[report] The State of AI in Student Accounts

Molly Hawthorne
May 18, 2026

Meadow Research · May 2026 · 147 practitioners surveyed

AI is reshaping nearly every corner of higher education, except one. The office managing tuition billing, payment processing, and thousands of weekly student inquiries has been slow to act. Meadow's survey of 147 student accounts professionals reveals what's actually happening, what's getting in the way, and what it takes to close the gap.

TL;DR — 5 things to know

Shadow AI is the default. Staff are using AI—76% do so individually—but only 14% have departmentally sanctioned tools. Most use is ungoverned and invisible to leadership.

FERPA anxiety is real, but shouldn't be a stop-sign. 78% cite privacy as their top concern. Early adopters are treating it as a design constraint, not a reason to wait.

Email drafting is the gateway. 46% of respondents are actively using or piloting AI to draft responses to student inquiries—and those who do report faster, more consistent answers.

Leadership is largely absent. 63% feel no pressure from senior leaders to adopt AI, and 44% say it's never discussed in team meetings. Adoption is happening despite leadership, not because of it.

The unlock is cultural, not financial. The institutions making the most progress haven't spent more money—they've created a culture where it's safe to experiment and share what works.

Shadow AI is the new normal, and it's risky

Three-quarters of student accounts professionals are using AI on their own by drafting emails, looking up policy, summarizing guidance, but only 14% have access to tools their department has actually approved. The result is a workforce of capable, motivated AI users operating without guardrails, shared standards, or institutional visibility. The knowledge they're building disappears when they leave. The FERPA exposure they may be creating is largely invisible to leadership.

This is not a workforce that's resistant to change. Fifty-three percent of respondents use AI personally at least weekly. The talent and familiarity are already there. The challenge is creating the conditions—clear guidance, approved tools, permission to experiment—that let staff bring their personal AI fluency into compliant professional practice.

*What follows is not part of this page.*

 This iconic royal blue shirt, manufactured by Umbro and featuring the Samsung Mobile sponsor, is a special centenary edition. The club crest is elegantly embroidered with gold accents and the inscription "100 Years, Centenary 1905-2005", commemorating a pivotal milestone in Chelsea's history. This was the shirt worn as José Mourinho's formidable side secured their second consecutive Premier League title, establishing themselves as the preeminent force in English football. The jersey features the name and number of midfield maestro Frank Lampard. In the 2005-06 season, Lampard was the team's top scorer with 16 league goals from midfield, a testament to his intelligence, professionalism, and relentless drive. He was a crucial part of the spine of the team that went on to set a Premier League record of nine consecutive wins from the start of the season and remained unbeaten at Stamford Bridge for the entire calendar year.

The barriers stack—and they start at the top

The challenges holding student accounts back don't operate at a single level. Staff run into FERPA anxiety and bandwidth constraints. Institutions fail to provide policy or approved tools. Leadership hasn't engaged. Each layer reinforces the others.

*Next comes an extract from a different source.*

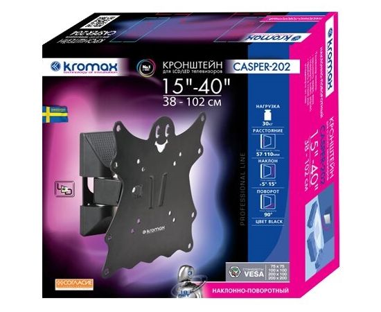 15"-42" Кронштейн Kromax CASPER-202 black ,max 30 кг, 3 ст св., нак. +5°-15°, пов. 90°, от ст. 57-110 мм, max VESA 200x200 мм.
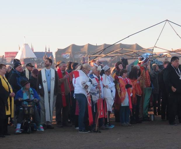 On November 3, the clergy assembled by the camp’s sacred fire, and all the denominations that had repudiated the Doctrine of Discovery-a group that includes both the Anglican Church of Canada and The Episcopal Church-reiterated their renunciation in front of the camp and its elders.

  • 78% cite privacy/FERPA as their top concern
  • 57% cite unclear guidance on what's permitted with student data
  • 46% have no approved tools or institutional guidance at all
  • 63% report no leadership pressure to adopt or plan for AI

Notably, only one respondent across the entire survey works in a department with a student accounts-specific AI policy. Most professionals are navigating these questions entirely alone.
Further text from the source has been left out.